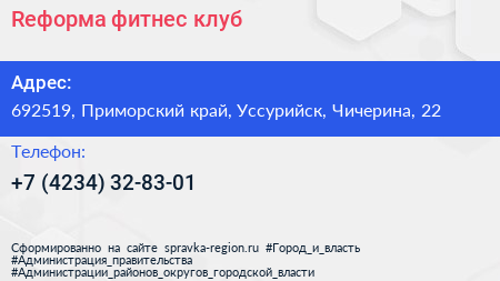 Reформа, фитнес-клуб по адресу 692519, Приморский край, Уссурийск, Чичерина, 22 в дальнейшем Организация, размещена в следующих категориях:
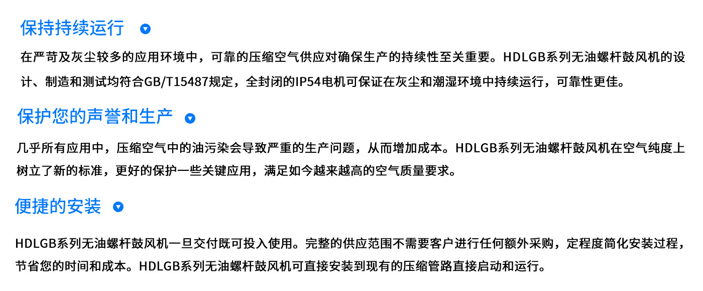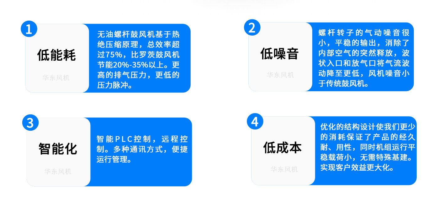 产品简介: 无油螺杆鼓风机可广泛运用于污水处理行业、水泥行业、化工行业、电力行业、钢铁行业、纺织行业、气力输送等各行各业,都是国民民生行业应用领域,市场运用面广,使用需求量大。 输送介质:空气、氮气、丁艺气等
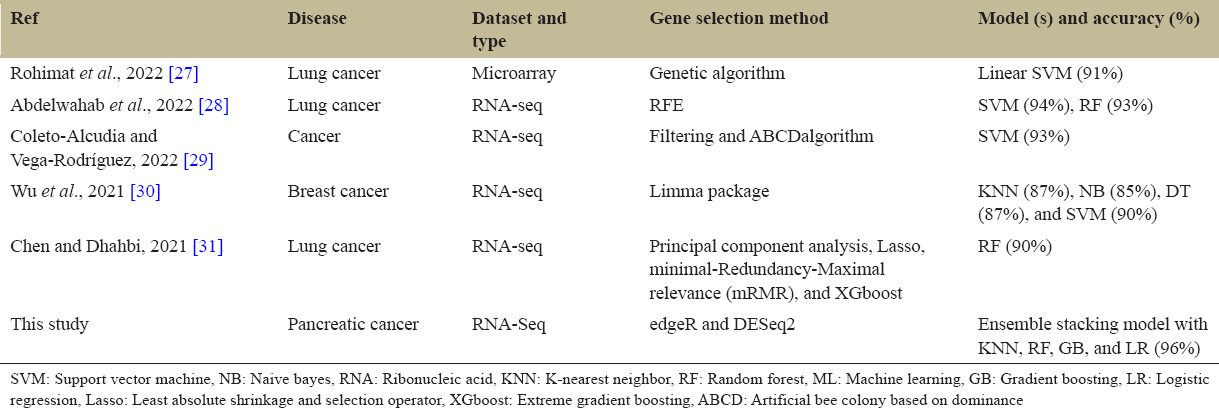 | This study | Pancreatic cancer | RNA-Seq | edgeR and DESeq2 | Ensemble stacking model with KNN, RF, GB, and LR (96%) |

Problem to work on: The task requires the full listing to be given again verbatim, without its pictures.

Answer area:
 Reформа, фитнес-клуб по адресу 692519, Приморский край, Уссурийск, Чичерина, 22 в дальнейшем Организация, размещена в следующих категориях:
 产品简介: 无油螺杆鼓风机可广泛运用于污水处理行业、水泥行业、化工行业、电力行业、钢铁行业、纺织行业、气力输送等各行各业,都是国民民生行业应用领域,市场运用面广,使用需求量大。 输送介质:空气、氮气、丁艺气等
 | This study | Pancreatic cancer | RNA-Seq | edgeR and DESeq2 | Ensemble stacking model with KNN, RF, GB, and LR (96%) |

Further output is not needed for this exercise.